Le Petit Domaine de Gimios – St. Jean Minervois (Languedoc-Roussillon)
  Le Petit Domaine de Gimios è una tenuta di cinque ettari che si trova a 320 metri di altitudine, nel dipartimento dell’Hérault, lungo il perimetro viticolo mediterraneo del golfo del Leone. Qui, Anne-Marie Lavaysse e il figlio Pierre seguono i principi dell’agricoltura biodinamica. Molte viti sono centenarie, con presenza di vegetazione tra i filari, che aiuta a preservarne la biodiversità. Non tutti i terreni del domaine sono vitati: una parte è caratterizzata da una vegetazione di macchia mediterranea. In questo modo, il terroir è più ricco, complesso e protetto.
Il sottosuolo è costituito di roccia calcarea. In vigna non si utilizzano zolfo, rame, né fertilizzanti chimici o organici. Per proteggere le viti si utilizzano tisane a base di piante aromatiche, coltivate da Anne-Marie.

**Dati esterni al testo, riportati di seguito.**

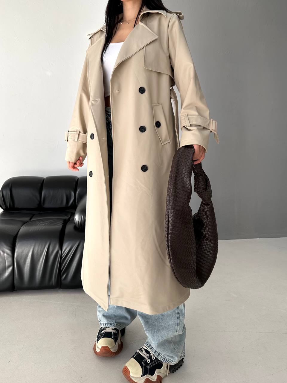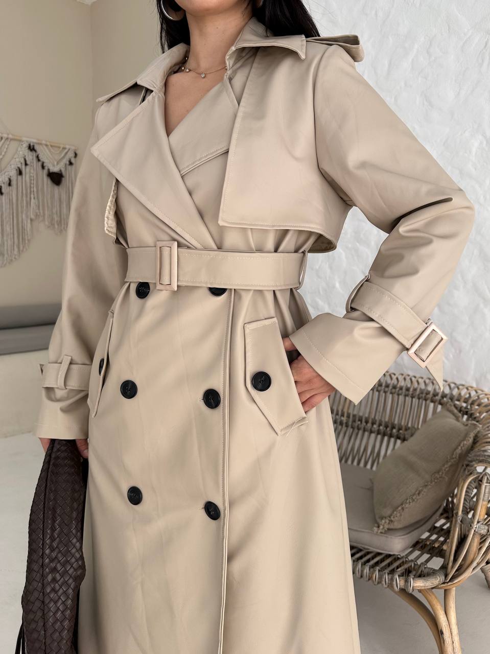Şıklığın ve konforun bir arada olduğu bu trençkot, klasik çizgisiyle sezonun vazgeçilmez parçası olmaya aday. Kuşak detayıyla belinizi vurgulayarak zarif bir siluet oluşturur.

La vendemmia è manuale, in piccole cassette da 8-10 chili. La vinificazione è quanto di più naturale si possa immaginare: avviene con lieviti indigeni e assolutamente senza solfiti, in contenitori d’acciaio. L’imbottigliamento, di norma, si svolge nel mese di maggio. Si coltiva il moscato à petit grain per i vini bianchi, mentre i due vini rossi sono ottenuti da sedici diversi vitigni autoctoni, tra cui domina il carignan, storico vitigno del Languedoc.
 
 

“Rouge de Causse” (vin de table – vino da tavola)

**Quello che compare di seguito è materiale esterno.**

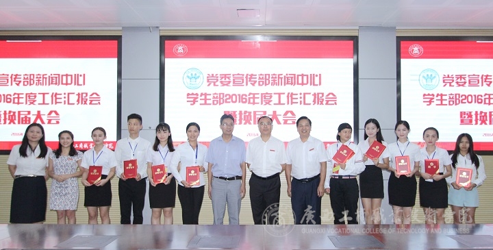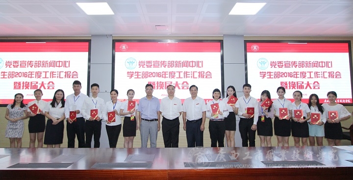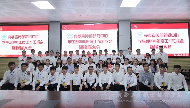 2016年7月12日下午五點,我院在校本部2119視頻會議室舉辦“新聞中心學(xué)生部2016年度工作匯報會暨換屆大會?!睂W(xué)院黨委副書記蒙啟成、黨委宣傳部部長韋勝強、現(xiàn)教中心主任、黨委宣傳部副部長林雯、新聞中心指導(dǎo)老師、新聞中心學(xué)生部全體成員參加了本次大會。會議由新聞中心播主部宋珮瑤主持。

Vitigno: Sedici vitigni differenti, di colori diversi (30% carignan)
Vigneto: Les Landes e Le Causse a Saint Jean de Minervois, Hérault, Linguadoca – 0,70 ettari – Età media delle viti: 100 anni
Potatura e resa media per pianta :Alberello (gobelet). Resa media: quattro grappoli/ceppo; 8 ettolitri/ettaro.
Densità d’impianto :3.000.
Suolo e sottosuolo: Roccia calcarea.
Vinificazione: Uve non diraspate. Pigiatura con i piedi. Fermentazione con lieviti spontanei per dieci giorni. Svinatura. Imbottigliamento a maggio e invecchiamento in bottiglia. Assenza totale di SO2 aggiunta.
Solfiti:Totali: 1-8 milligrammi/litro. Liberi: 0-1 milligrammi/litro.
Quantità media prodotta: 900-1.000 bottiglie.
Tipo di bottiglia e chiusura: Borgognotta tradizionale. Tappo in sughero.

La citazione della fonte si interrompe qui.